The last couple of weeks I have been terribly distracted and I can only apologise for this.
I am back in the South at the moment as the greatest distraction, and the best thing since sliced bread, was my best friend’s wedding on Tuesday! We’d been planning this day for the last ten years, a lot longer than she had known her new husband and all of these hopes, dreams and outlandish plans were realised on Tuesday. It was truly the most wonderful day and a tear or two were shed. I have included here a photo of the new Mrs O’Brien and me from the day because every time I look at it, I feel so proud of her for being such a beautiful bride.
So that’s why there’s been so few posts but I’m back now and raring to type!
I went down to the canes to pick some raspberries the other day and as I walked past I noticed that the redcurrant bushes were dripping with fruit. The blackcurrants have rather come to the end but their less popular, prettier cousins were at their absolute peak. With this in mind, I decided to make redcurrant jelly.
I adore redcurrant jelly. I use it like some people use tomato ketchup. I think it goes with and in nearly everything. I prefer it to cranberry sauce with roast turkey, I like it instead of chutney with cheese and I like to stir great chunks of it into stews and gravies. There’s that wonderful tartness from redcurrant jelly but you still get the sweetness (and having now made it and seen the size of the sugar bags involved, I can see why!
These two for 4 kilos of currants.
I had been put off jelly making from the sheer exhausting business of leaving the jelly to strain overnight and then reboiling it the next day. I found this, frankly, quite dull and it meant I had to dedicate two evenings to it. I also broke the fundamental rule of jelly, you must never ever squeeze the straining bag.

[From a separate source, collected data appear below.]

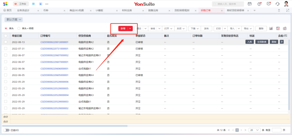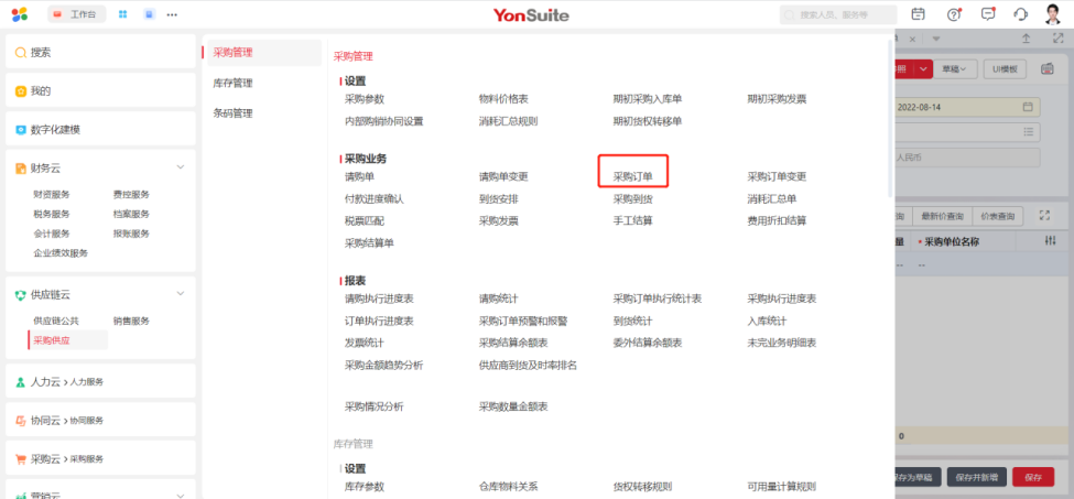 3.2.2流程测试-新增采购订单 路径:供应链云 > 采购供应 > 采购管理 > 采购业务
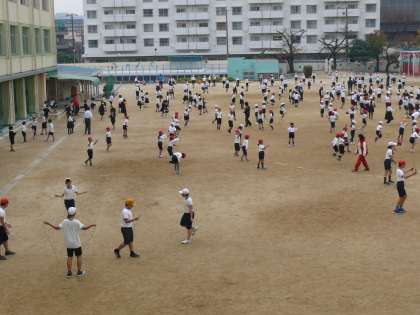 今週の月曜日から来週の金曜日までの2週間を「なわとび週間」と設定し、毎日15分の休憩時間に全校が運動場に出てきて、「なわとび」をします。体力の向上と運動に親しむことをねらいとして毎年取り組んでいます。
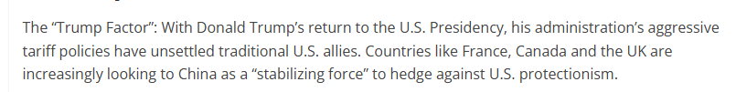 文章說,美國政府的強(qiáng)硬關(guān)稅政策令美國傳統(tǒng)盟友感到不安。法國、加拿大和英國等國家正日益將中國視為“穩(wěn)定力量”,以對(duì)沖美國保護(hù)主義帶來的風(fēng)險(xiǎn)。
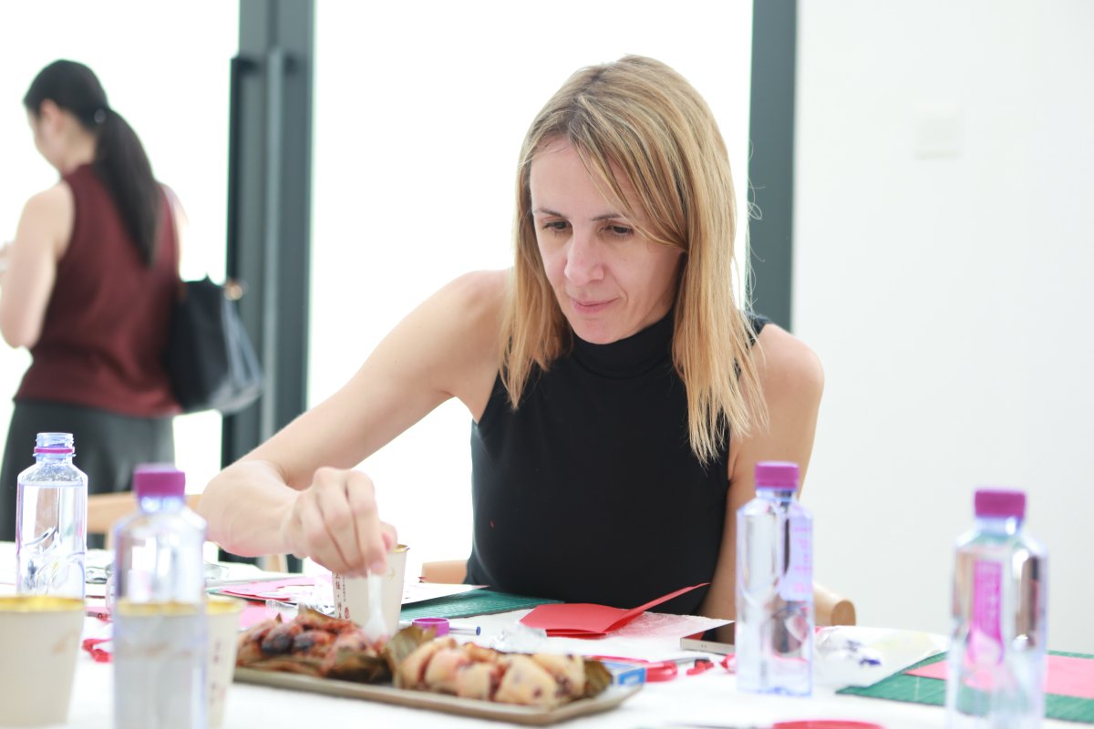 最让记者们流连忘返的,当属品尝非遗美食三灶红蓝裹粽。这里的红蓝裹粽是市级非遗定家湾茶果中的一大特色,口感层次丰富,令人回味无穷,让记者们大饱口福,赞不绝口。“我尝试了不加糖的版本和加糖的版本,两种味道都非常好,这是我第一次尝试吃这种美食,我很喜欢。”来自斯洛文尼亚《劳动报》记者安娅·因蒂哈尔说道。
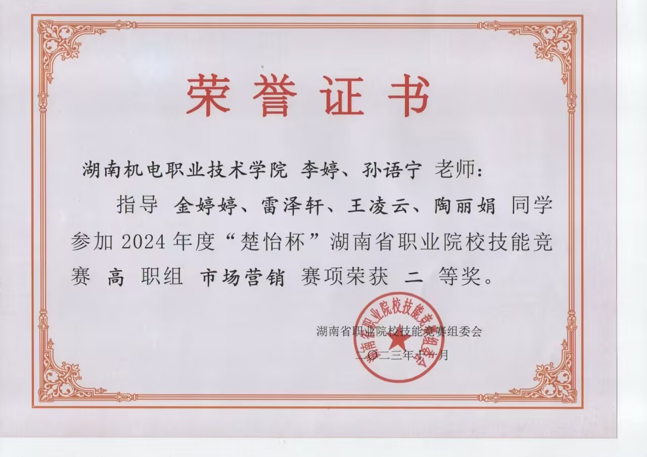 学生在全国营销技能大赛中多次取得优异成绩,2014 年、2018 年在湖南省高职市场营销专业学生技能抽考中均获评 “优秀” 等级。

Apparently, it makes the jelly cloudy – I don’t entirely see this as a negative and think I’d quite enjoy cloudy jelly but you’re not allowed to do it. EVER. And I’m telling you, there is nothing in the world more tempting to touch, squeeze, squish, stick your fingers in than a hanging bag of jelly straining. The last time I made jelly was with quinces and it was the most delicious thing in the world but it was cloudy. The frugal side of me decided that I couldn’t possibly waste all of the liquid still in the quince pieces so I squeezed and I squeezed and it was the greatest crime in the jelly world.

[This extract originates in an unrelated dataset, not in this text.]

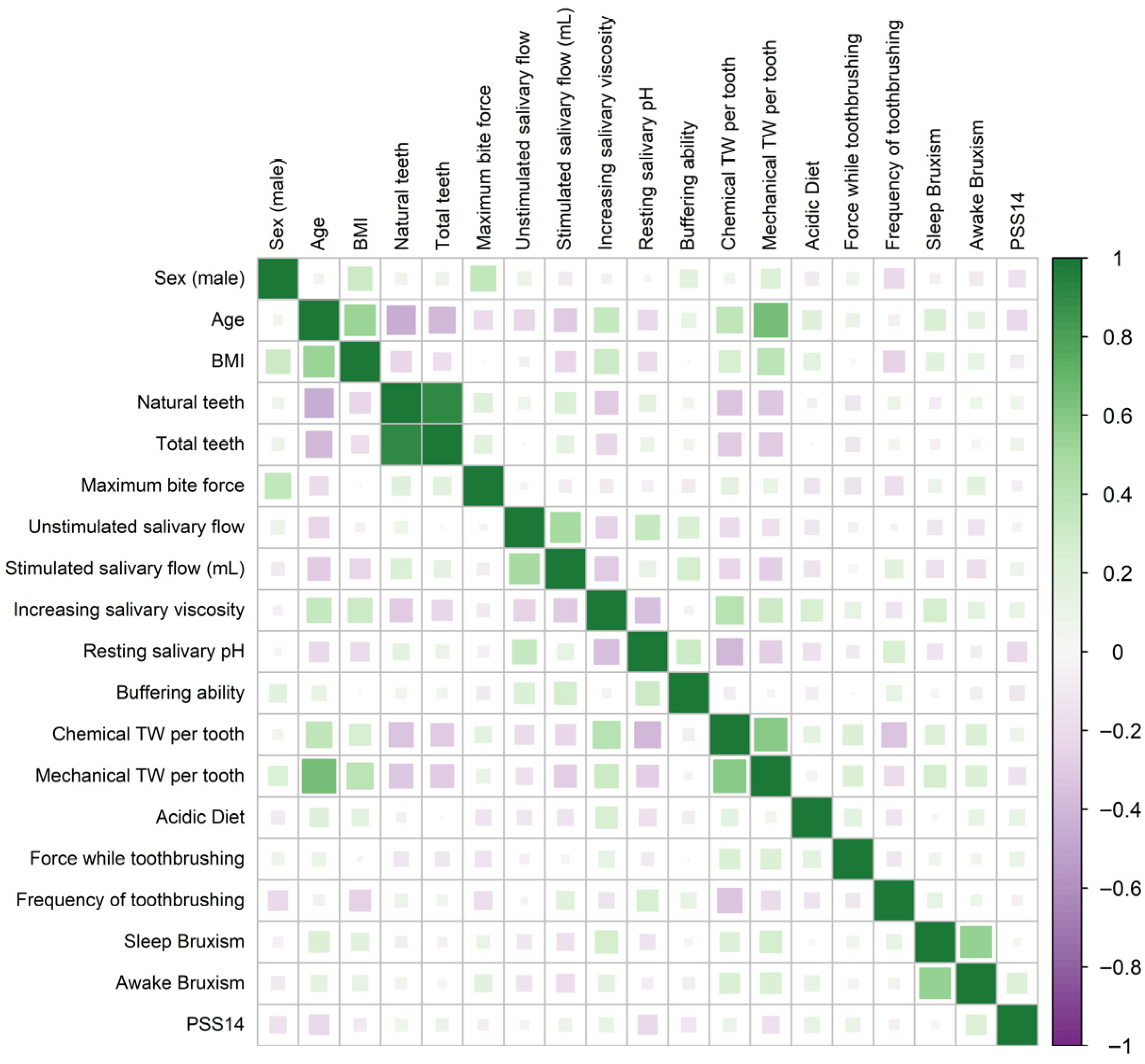 In the present study, age was positively associated with BMI, acidic dietary habits, SB, salivary dehydration, and increased viscosity, and while it was negatively associated with the number of teeth, perceived stress, salivary pH, and flow rate. Trends in overweight status, behavioural factors, and age-related physiological changes in salivary function may contribute to an elevated risk of TW in older adults [

My love for redcurrant jelly outweighed this though and I thought if I wandered off and got distracted during the straining part of the event then I would be less likely to want to squeeze. I walked down to the canes to pick the redcurrants and ended up with about 4kg which is a lot in the normal every day world but I wanted to make a lot of jars.

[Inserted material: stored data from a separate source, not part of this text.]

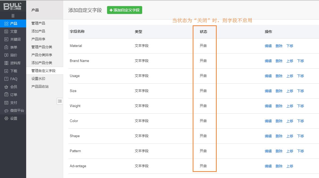 后台产品管理-》管理自定义字段-》添加自定义字段页面,增加“状态”字段,默认值为“开启”,当切换到“关闭”状态时,该字段不在添加产品页面出现,也不在前台产品详情和产品列表上展示,操作入口如下截图所示。
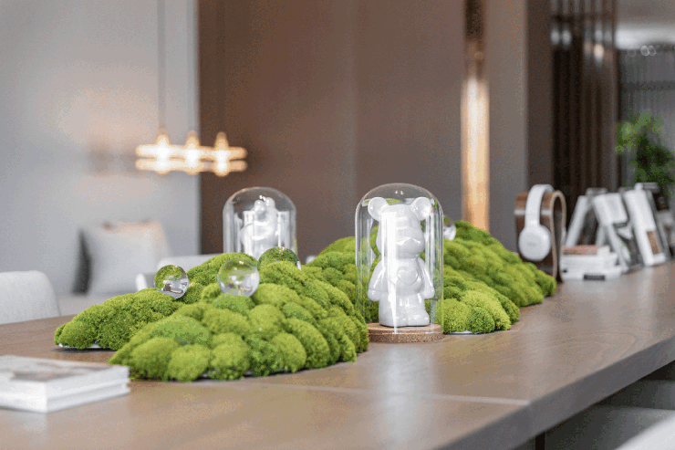 针对项目所在的青岛老城地块,如何有效吸引人流,带动唤新活力,成为设计思考。对话自然,入口简约且极具现代感的设计,设计提炼出自然生态中的元素,将其演变为软装陈设,融入空间。
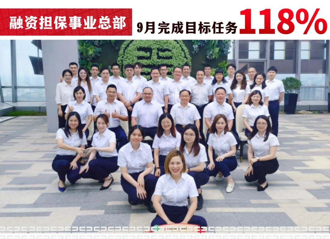 融资担保事业总部完成目标任务118%。融资担保事业总部贯彻 “稳字当头,稳中求进”的工作思路,全员保持乐观进取的敬业精神,在项目上报、审批、出款等各个环节均做到部门前中后台紧密合作,把风险控制放在首位,同时铆足干劲推动业务进度,顺利完成9月目标任务。

To make this you will need a straining bag, these are available from Lakeland and Amazon and don’t cost vast sums of money. The one I used took my mother and I hours to construct as we couldn’t work out where the pieces of metal were supposed to fit but Lakeland appear to have discontinued this version and created a much more sensible one that doesn’t have loads of pieces of weirdly shaped metal.
I have named this ‘glitzy’ because the light shining through the jar shows the most wonderful ruby colour red but you don’t have to be so giddy!
Eleanor’s Glitzy Redcurrant Jelly
- 4kg fresh redcurrants with their stalks still on
- 4 litres of water
- indeterminate amount of caster sugar (ultimately about 4 kilos)
- Tip all of the redcurrants, stalks and all, into a giant saucepan with a good flat bottom, this is important for boiling!
- Add the water and boil the fruit, stirring occasionally, for about 30 minutes until the colour has drained and the fruit is well mashed. (you can use the back of the wooden spooon to mash the juice out of these)
- Leave to cool.
- When cool, construct the strainer over a pan or large bowl and tip the fruit and liquid into the straining bag. Leave this to drip throughout the night
- The next day, when the straining bag has stopped dripping, measure out the liquid into a jam pan.
- For every 600ml of liquid, measure out 450g of caster sugar. (I had 5.4l of liquid so needed 4050g of sugar! I will admit that I found this bit stressful because I can’t count!)
- Add the sugar to the liquid and bring to a rolling boil (when the liquid rolls into the centre of the pan like a whirlpool)
- Allow the mixture to boil for 20 minutes before checking for a set with a saucer taken from the freezer. (For instructions on how to test a set, check here: https://thegirlwiththewoodenspoon.wordpress.com/2010/09/12/strawberry-fields-forever/, there’s also information about jam jars etc!)
- When the jelly has reached setting point, pour into your sterile jars and seal.